• Task prompt
Using the data below, transcribe exactly everything from the line that contains "Data sheet |" down to the line that contains "- Designed with". Include both of those lines and none of the pictures.

• Dataset content
=== Section Start ===

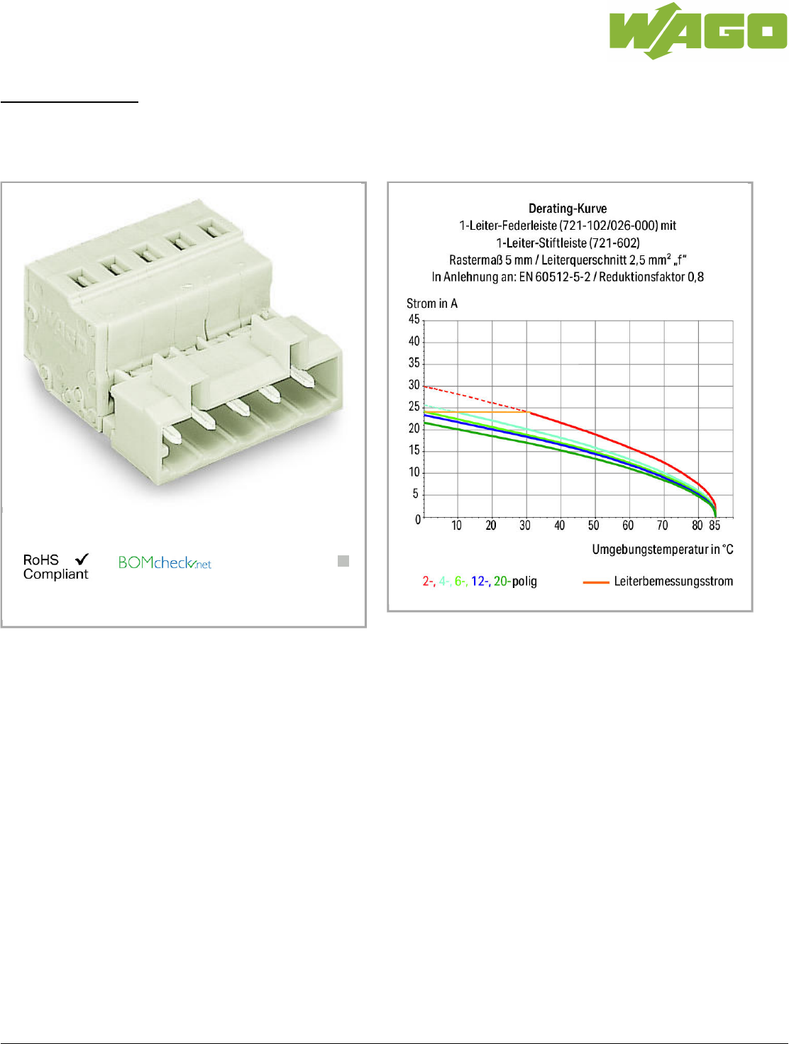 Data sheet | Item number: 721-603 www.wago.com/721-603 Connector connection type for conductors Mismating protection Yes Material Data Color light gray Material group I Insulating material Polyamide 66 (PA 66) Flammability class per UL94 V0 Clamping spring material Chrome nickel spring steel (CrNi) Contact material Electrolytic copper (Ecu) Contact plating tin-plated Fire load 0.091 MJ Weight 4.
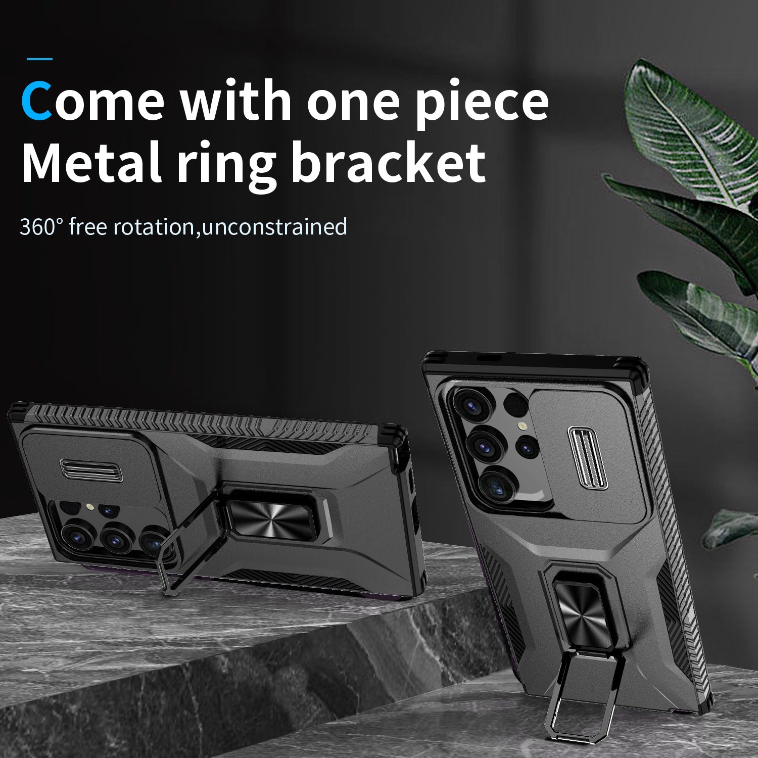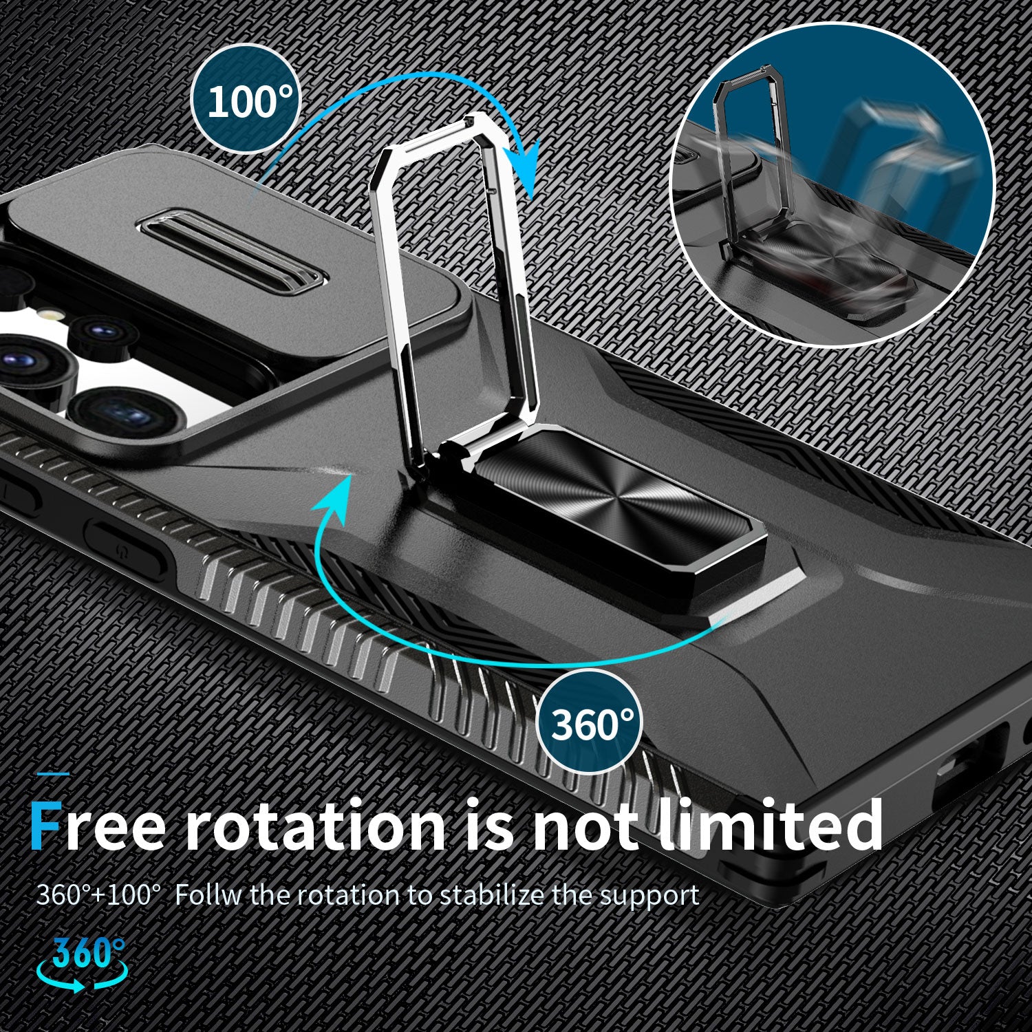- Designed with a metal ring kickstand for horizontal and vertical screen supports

=== Section End ===
=== Section Start ===

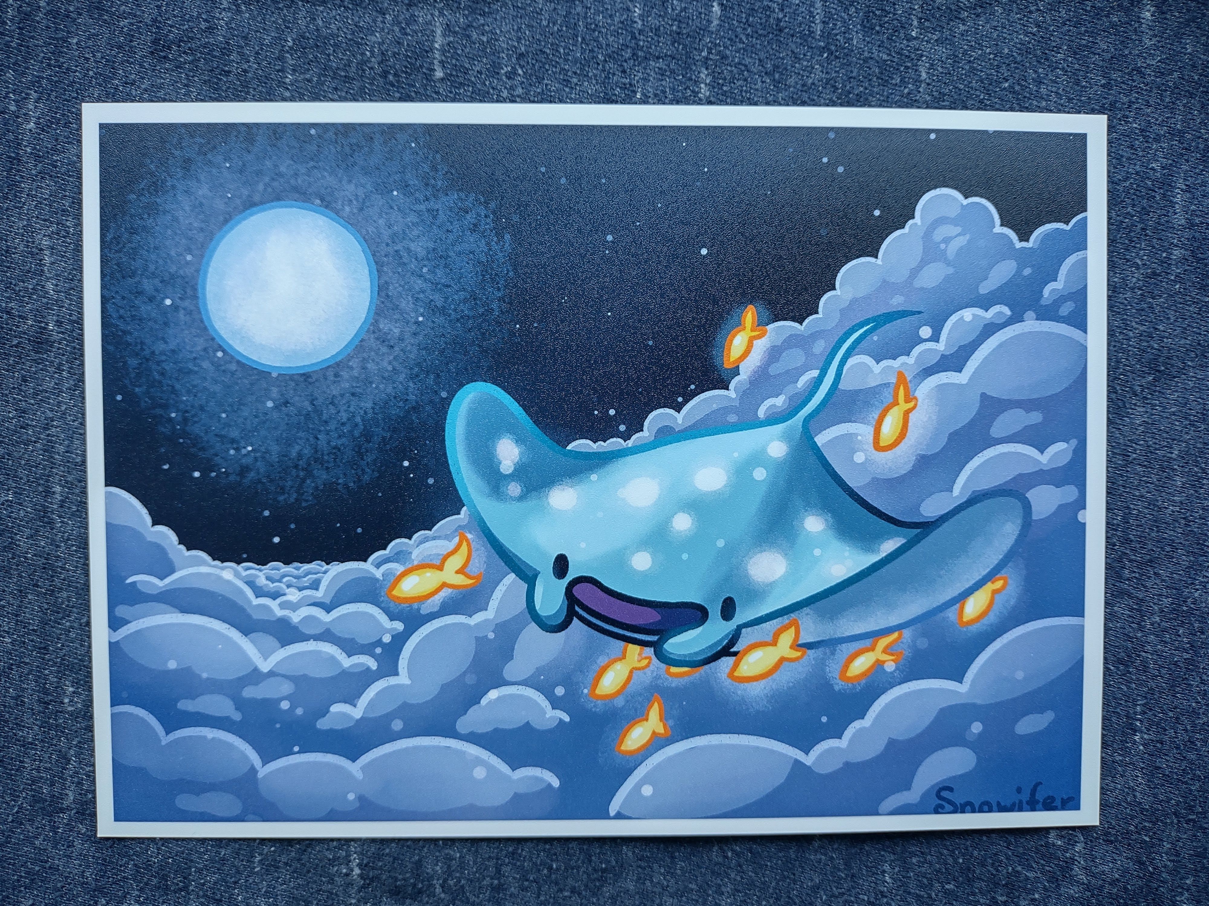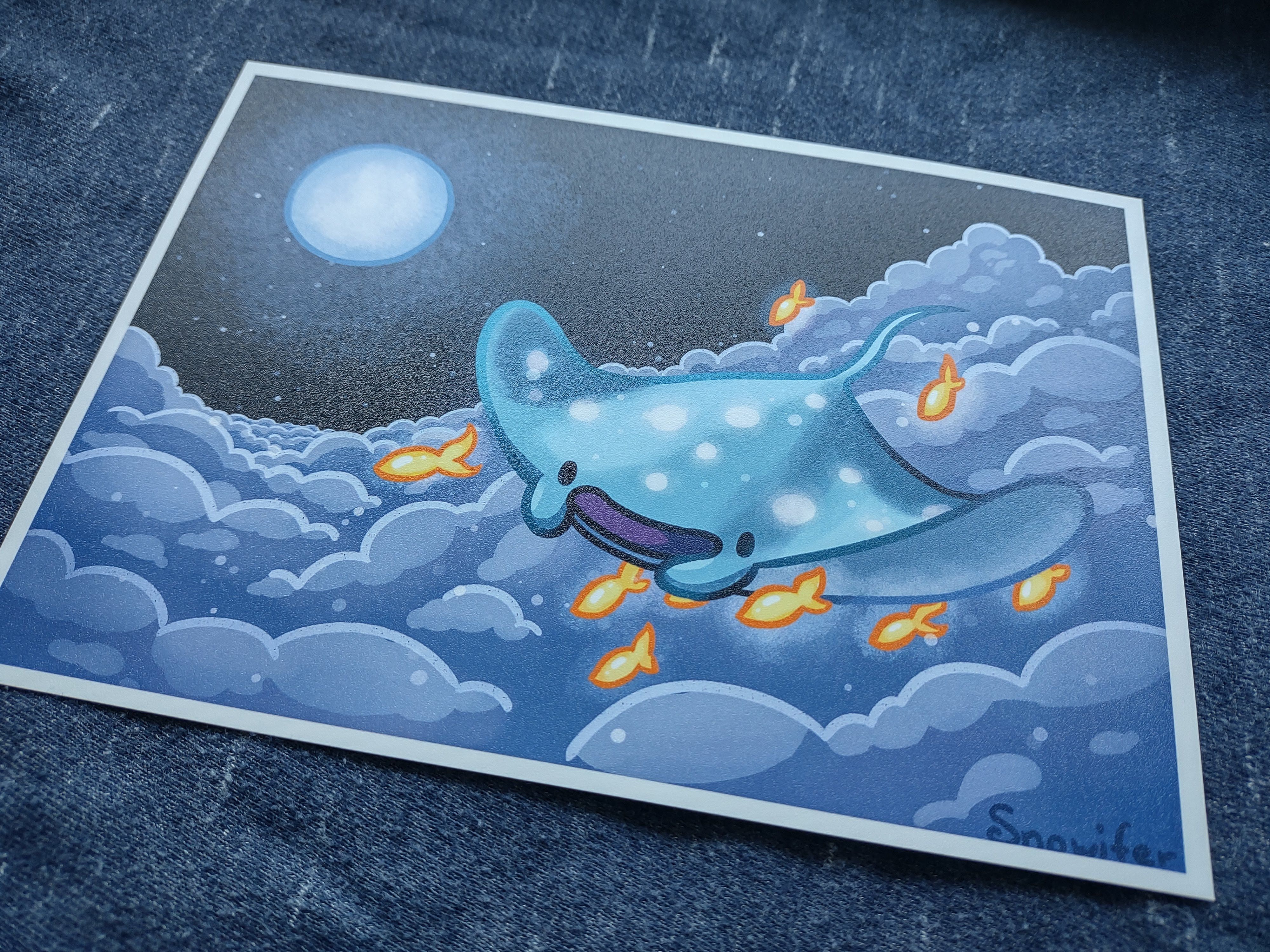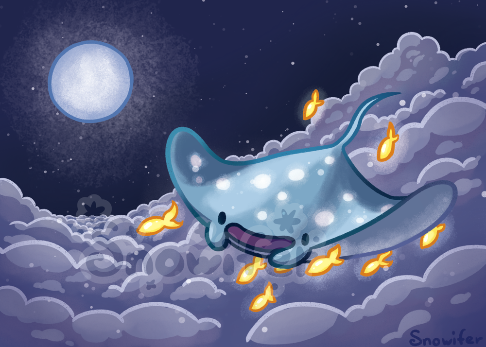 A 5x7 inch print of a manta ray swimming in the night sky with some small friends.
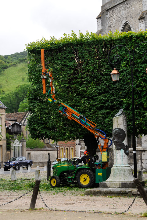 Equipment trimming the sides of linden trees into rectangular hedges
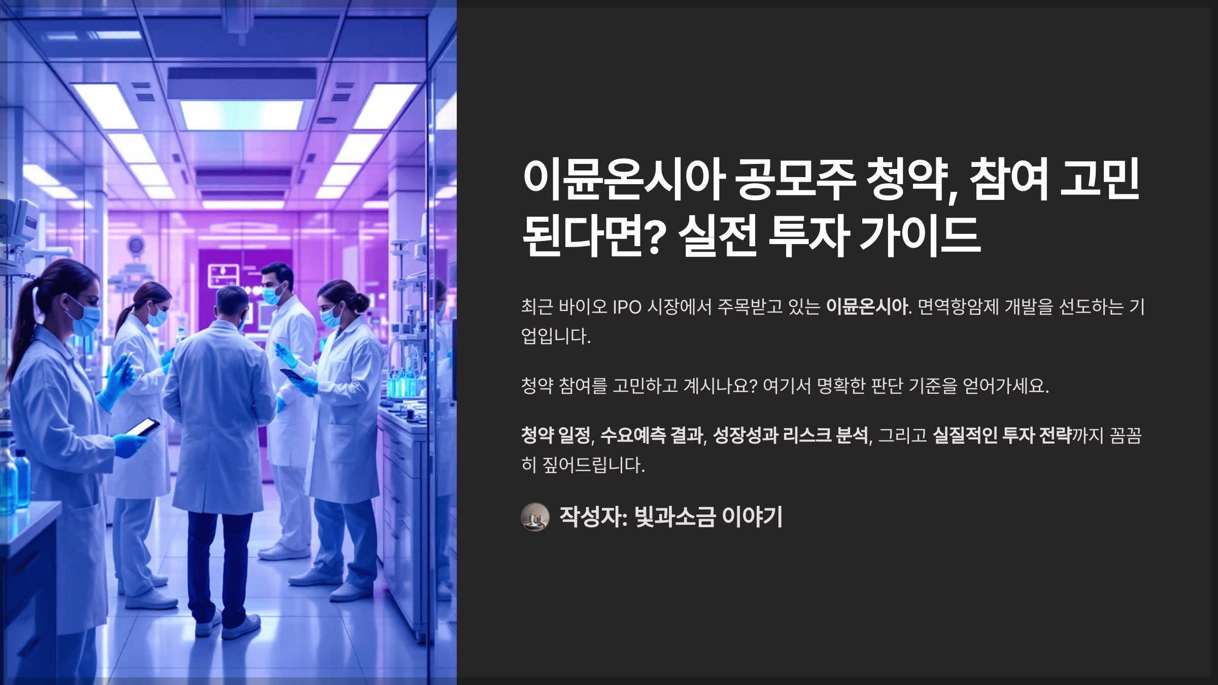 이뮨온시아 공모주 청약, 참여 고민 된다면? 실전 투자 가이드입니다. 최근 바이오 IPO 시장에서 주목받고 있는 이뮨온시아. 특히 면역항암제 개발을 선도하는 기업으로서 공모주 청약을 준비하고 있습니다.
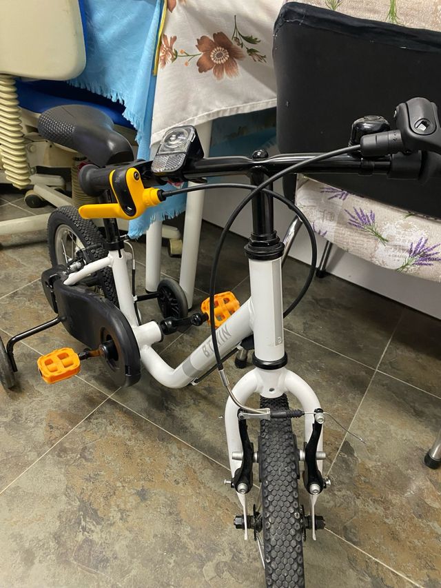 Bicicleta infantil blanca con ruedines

=== Section End ===
=== Section Start ===

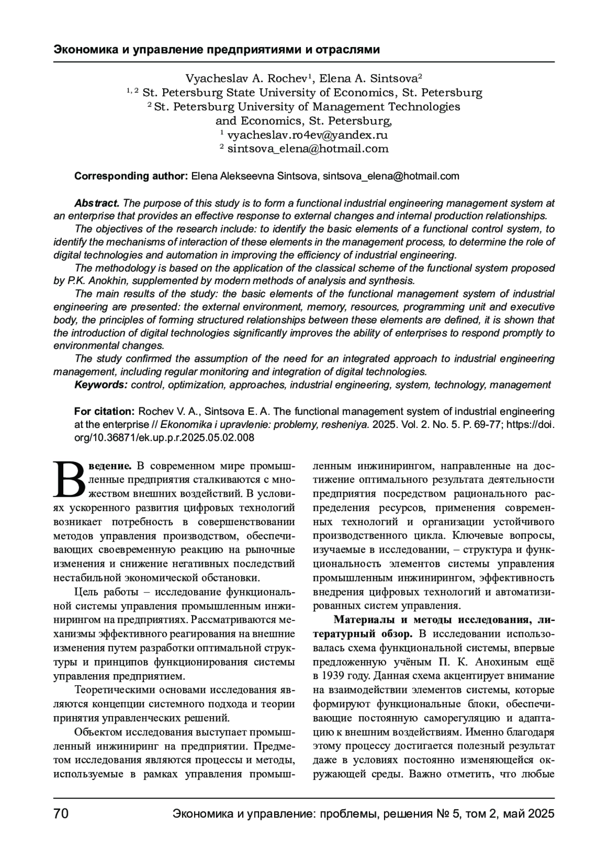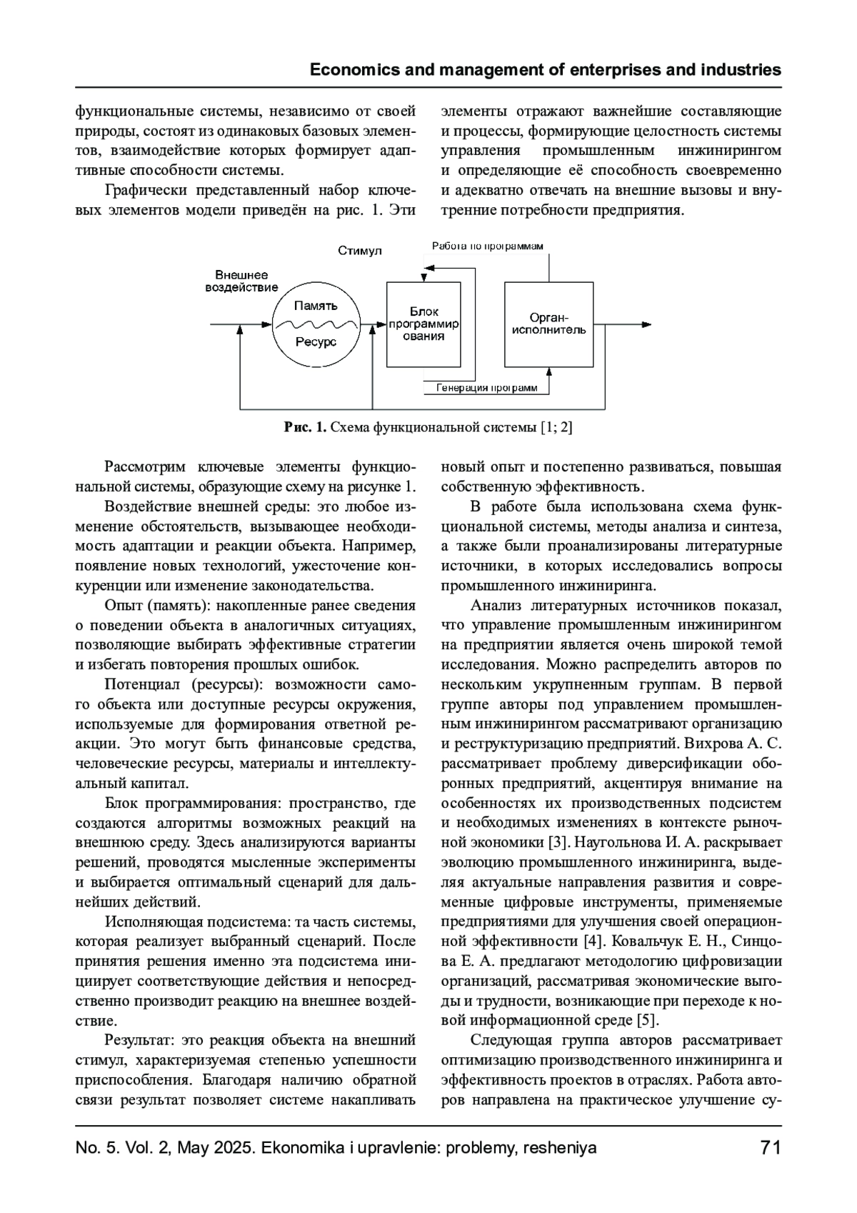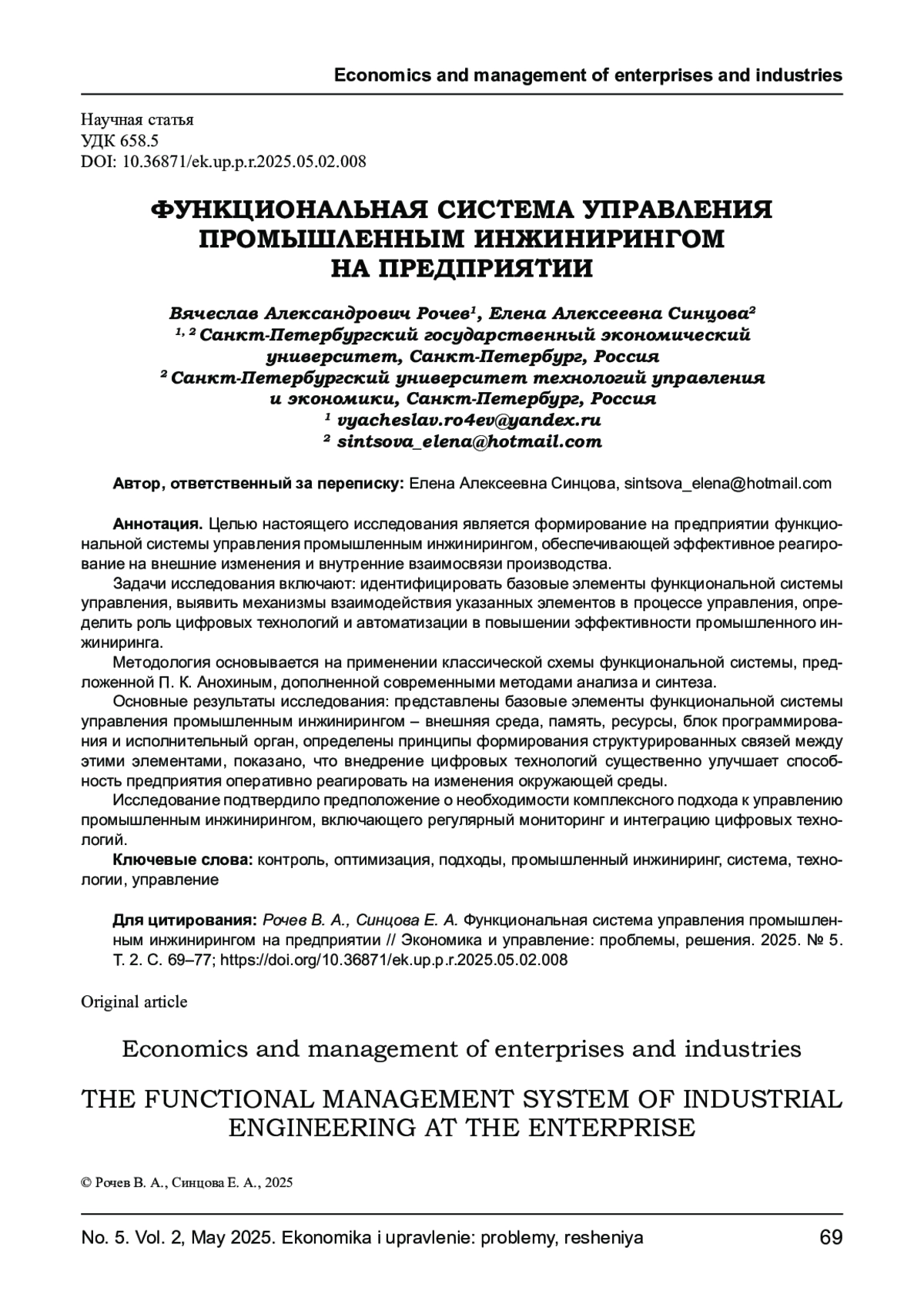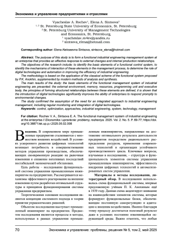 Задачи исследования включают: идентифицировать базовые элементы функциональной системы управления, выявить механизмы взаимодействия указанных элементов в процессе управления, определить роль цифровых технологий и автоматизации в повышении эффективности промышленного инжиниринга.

=== Section End ===

• Answer to this exercise
 Data sheet | Item number: 721-603 www.wago.com/721-603 Connector connection type for conductors Mismating protection Yes Material Data Color light gray Material group I Insulating material Polyamide 66 (PA 66) Flammability class per UL94 V0 Clamping spring material Chrome nickel spring steel (CrNi) Contact material Electrolytic copper (Ecu) Contact plating tin-plated Fire load 0.091 MJ Weight 4.
- Designed with a metal ring kickstand for horizontal and vertical screen supports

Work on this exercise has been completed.